Segment Start: RECORDED INFORMATION

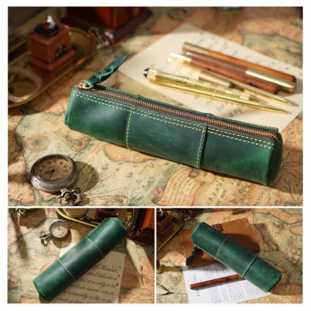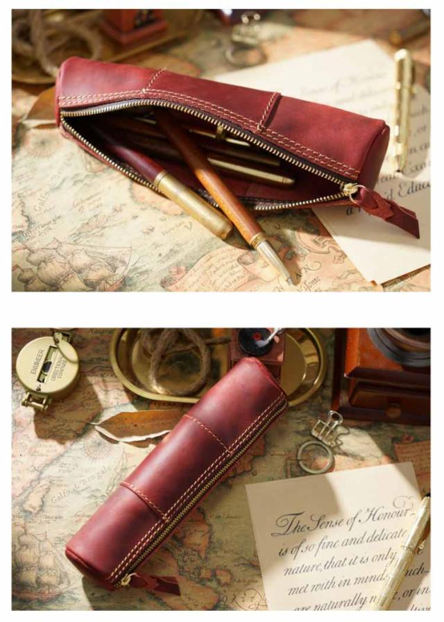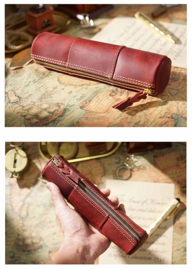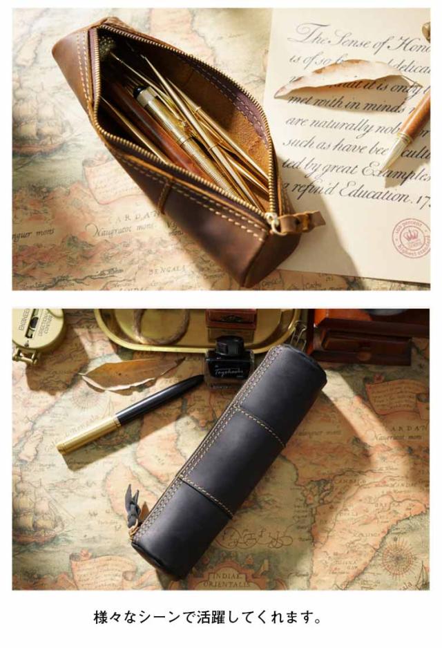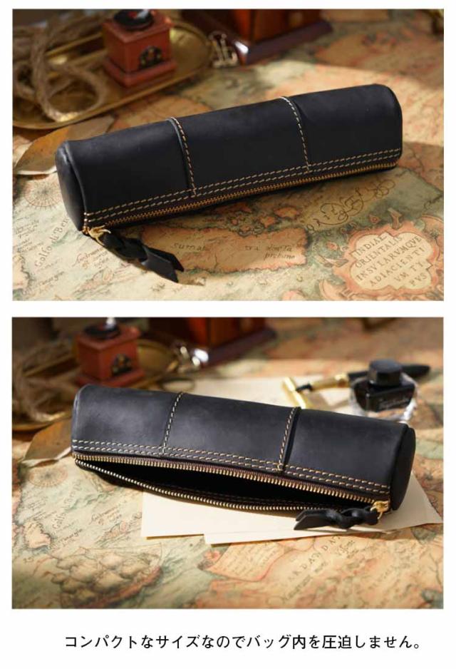 ペンケース 筆箱 メンズ レディース おしゃれ シンプル オフィス 大学 高校生 中学生 本革 ファスナー チャック 小さめ スリム 丸型 ふで箱 ふでばこ ペン ポーチ 文房具 文具 送料無料 収納 革小物 万年筆ケース ビジネス 父の日 父の日ギフト プレゼント 20本入れる
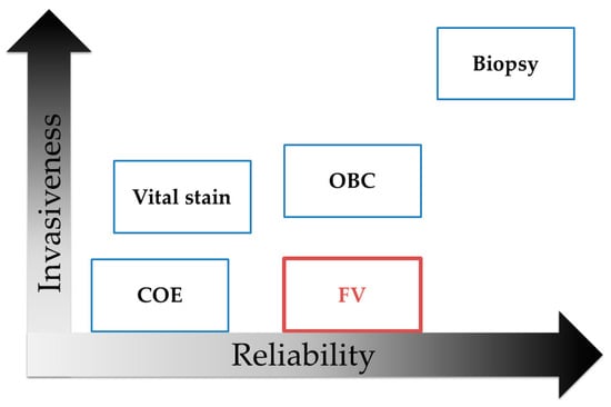 The concept of oral cancer screening in terms of invasiveness and reliability. Biopsy is the gold standard method for oral cancer screening. Conventional oral examination (COE) and FV are non-invasive methods, and FV is of high reliability.
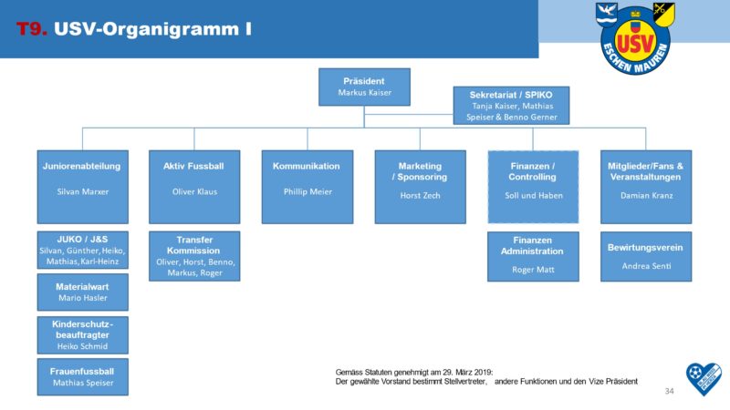 Mit der Verpflichtung eines Leiters Spielbetrieb und Nachwuchs-Koordinator plant der Verein in die Zukunft. «Präsident Kaiser:» Die meisten im Vorstand und im Umfeld arbeiten ehrenamtlich; viele Aufgaben (wie z.B. Spiko, Spielpläne, Einteilungen, Finanzen, Veranstaltungen, Turniere, usw.) konnten wir nicht mehr in der nötigen Zeit und der Qualität erledigen, die unseren Ansprüchen genügen. Auch die Auflagen rund um die Juniorenabteilung und Vorgaben vom SFV werden immer aufwändiger und komplexer. Um die Zukunft des Vereins langfristig abzusichern, haben wir uns entschlossen mit Mathis Speiser eine Persönlichkeit im Verein zu binden, der ein top Anforderungsprofil und langjährige Trainererfahrung im Spitzenfussball vorzuweisen hat. Mathias besitzt ein UEFA-B Youth Trainerdiplom (Nachwuchs Leistungsfussball) und trainiert zurzeit zusammen mit Riccardo das Junioren-C-Team.“
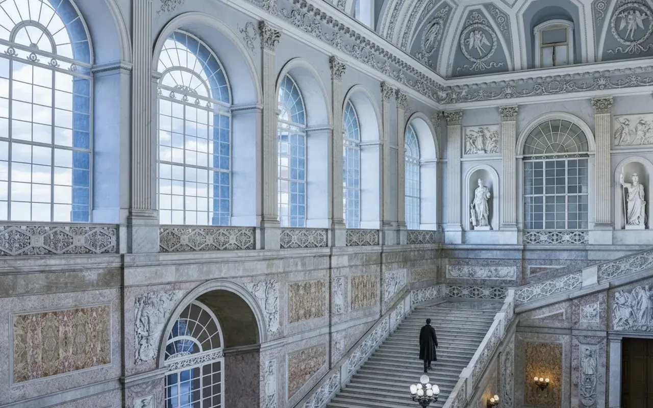 - Grand Staircase 🏰 marvel at the sweeping marble staircase ✨ designed by Gaetano Genovese 🏛️👀
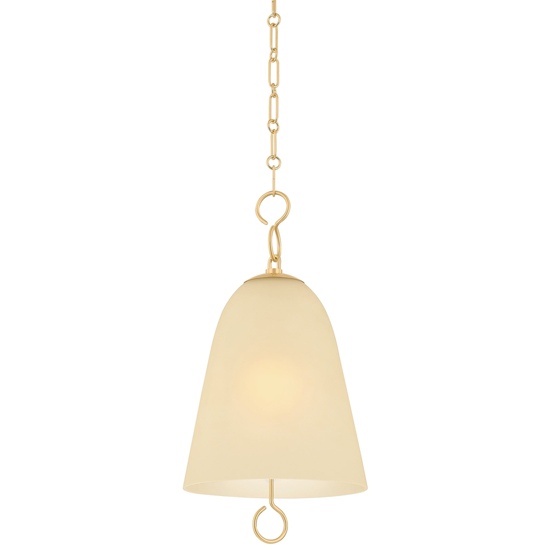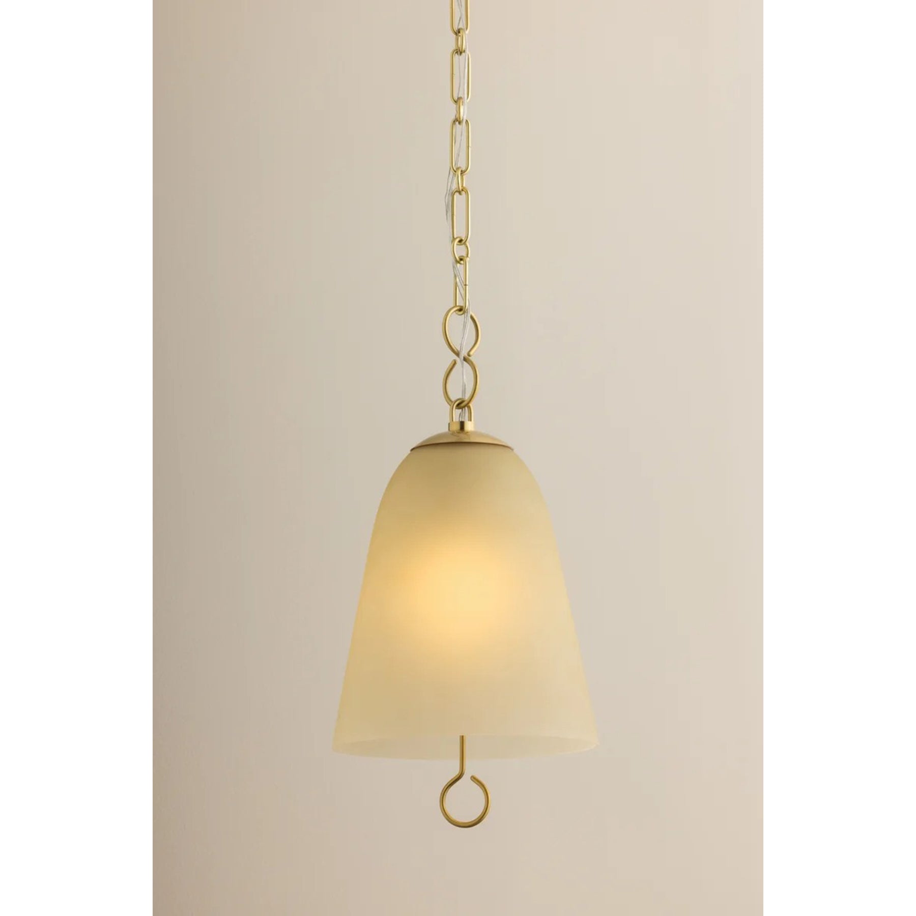 The Christine Pendant acts like modern jewelry for a room, pairing subtle glass treatments with unusual looped chain details. The warmth of the etched shade works in tandem with the curved form to create a gentle diffusion of light. Welded ring details shine above and below the glass, adding a decorative touch to the earring-like silhouette. This fixture can be used solo or in multiples to create a welcoming mood in dining areas or entryways.
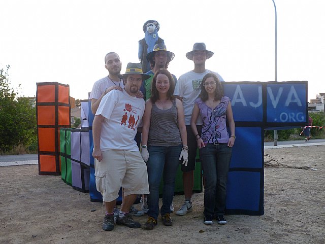 El montaje, de 5 metros de altura, y que combina la quema con un espectáculo pirotécnico y de fuego dirigido, está dirigido por el estudiante de Bellas Artes Miguel Gálvez, vecino de Aljucer, y en el mismo han colaborado un equipo de 8 voluntarios para su realización.
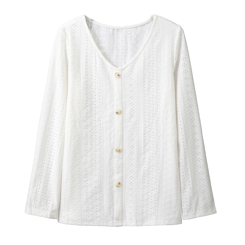 Women's White Elegant Lace Tops Eyelet Blouse Dressy Tops Fashion Basic Buttons Long Sleeve Regular Tops V Neck Casual Romantic Petite Tops Summer Holiday Wear White Light Green Light Blue Fall
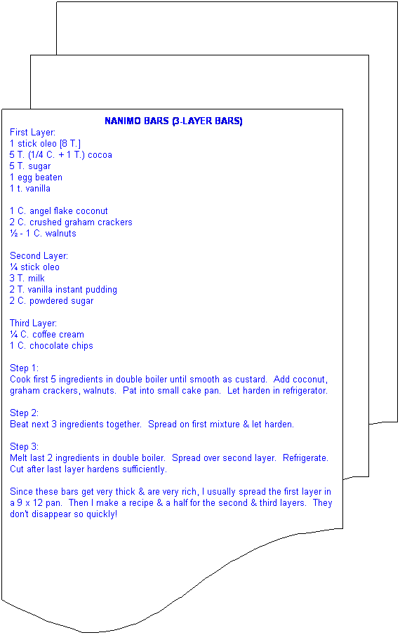 Marilyn: These bars are known by several names. In our family they were known as 3-Layer Bars. Mom only made them at Christmastime-usually several batches. She gave most of them away to family & friends. The Lears usually received some, & in their family Aunt Margaret tells me they were known as Aunt Ann's Bars. I have also made these bars at Christmastime for decades & given the first batch or 2 away to family & friends. I think my kids were always anxious that I might give them all away, but I always made sure that they got some, too! Many have requested the recipe over the years & when I pass it on, I call them Nanimo Bars [I found the recipe in an old recipe book of Mom's & that is what they were called. I liked that name because Carl & I went thru a town on Vancouver Island on our honeymoon by the name of Nanimo.] I've been retired for two Christmases now, & I'm still hearing that people with whom I worked miss them when Christmas rolls around. My grandson, Brendan, 4 ½ , helped me make them for the first time in Dec. '03 & had great fun mixing up that "mud" for the bottom layer & patting it into the pan! |

Segment End: RECORDED INFORMATION

WORK INSTRUCTIONS:
Could the material above be given again in full and exactly, with its pictures left out?

PROBLEM SOLUTION:
 ペンケース 筆箱 メンズ レディース おしゃれ シンプル オフィス 大学 高校生 中学生 本革 ファスナー チャック 小さめ スリム 丸型 ふで箱 ふでばこ ペン ポーチ 文房具 文具 送料無料 収納 革小物 万年筆ケース ビジネス 父の日 父の日ギフト プレゼント 20本入れる
 The concept of oral cancer screening in terms of invasiveness and reliability. Biopsy is the gold standard method for oral cancer screening. Conventional oral examination (COE) and FV are non-invasive methods, and FV is of high reliability.
 Mit der Verpflichtung eines Leiters Spielbetrieb und Nachwuchs-Koordinator plant der Verein in die Zukunft. «Präsident Kaiser:» Die meisten im Vorstand und im Umfeld arbeiten ehrenamtlich; viele Aufgaben (wie z.B. Spiko, Spielpläne, Einteilungen, Finanzen, Veranstaltungen, Turniere, usw.) konnten wir nicht mehr in der nötigen Zeit und der Qualität erledigen, die unseren Ansprüchen genügen. Auch die Auflagen rund um die Juniorenabteilung und Vorgaben vom SFV werden immer aufwändiger und komplexer. Um die Zukunft des Vereins langfristig abzusichern, haben wir uns entschlossen mit Mathis Speiser eine Persönlichkeit im Verein zu binden, der ein top Anforderungsprofil und langjährige Trainererfahrung im Spitzenfussball vorzuweisen hat. Mathias besitzt ein UEFA-B Youth Trainerdiplom (Nachwuchs Leistungsfussball) und trainiert zurzeit zusammen mit Riccardo das Junioren-C-Team.“
 - Grand Staircase 🏰 marvel at the sweeping marble staircase ✨ designed by Gaetano Genovese 🏛️👀
 The Christine Pendant acts like modern jewelry for a room, pairing subtle glass treatments with unusual looped chain details. The warmth of the etched shade works in tandem with the curved form to create a gentle diffusion of light. Welded ring details shine above and below the glass, adding a decorative touch to the earring-like silhouette. This fixture can be used solo or in multiples to create a welcoming mood in dining areas or entryways.
 El montaje, de 5 metros de altura, y que combina la quema con un espectáculo pirotécnico y de fuego dirigido, está dirigido por el estudiante de Bellas Artes Miguel Gálvez, vecino de Aljucer, y en el mismo han colaborado un equipo de 8 voluntarios para su realización.
 Women's White Elegant Lace Tops Eyelet Blouse Dressy Tops Fashion Basic Buttons Long Sleeve Regular Tops V Neck Casual Romantic Petite Tops Summer Holiday Wear White Light Green Light Blue Fall
 Marilyn: These bars are known by several names. In our family they were known as 3-Layer Bars. Mom only made them at Christmastime-usually several batches. She gave most of them away to family & friends. The Lears usually received some, & in their family Aunt Margaret tells me they were known as Aunt Ann's Bars. I have also made these bars at Christmastime for decades & given the first batch or 2 away to family & friends. I think my kids were always anxious that I might give them all away, but I always made sure that they got some, too! Many have requested the recipe over the years & when I pass it on, I call them Nanimo Bars [I found the recipe in an old recipe book of Mom's & that is what they were called. I liked that name because Carl & I went thru a town on Vancouver Island on our honeymoon by the name of Nanimo.] I've been retired for two Christmases now, & I'm still hearing that people with whom I worked miss them when Christmas rolls around. My grandson, Brendan, 4 ½ , helped me make them for the first time in Dec. '03 & had great fun mixing up that "mud" for the bottom layer & patting it into the pan! |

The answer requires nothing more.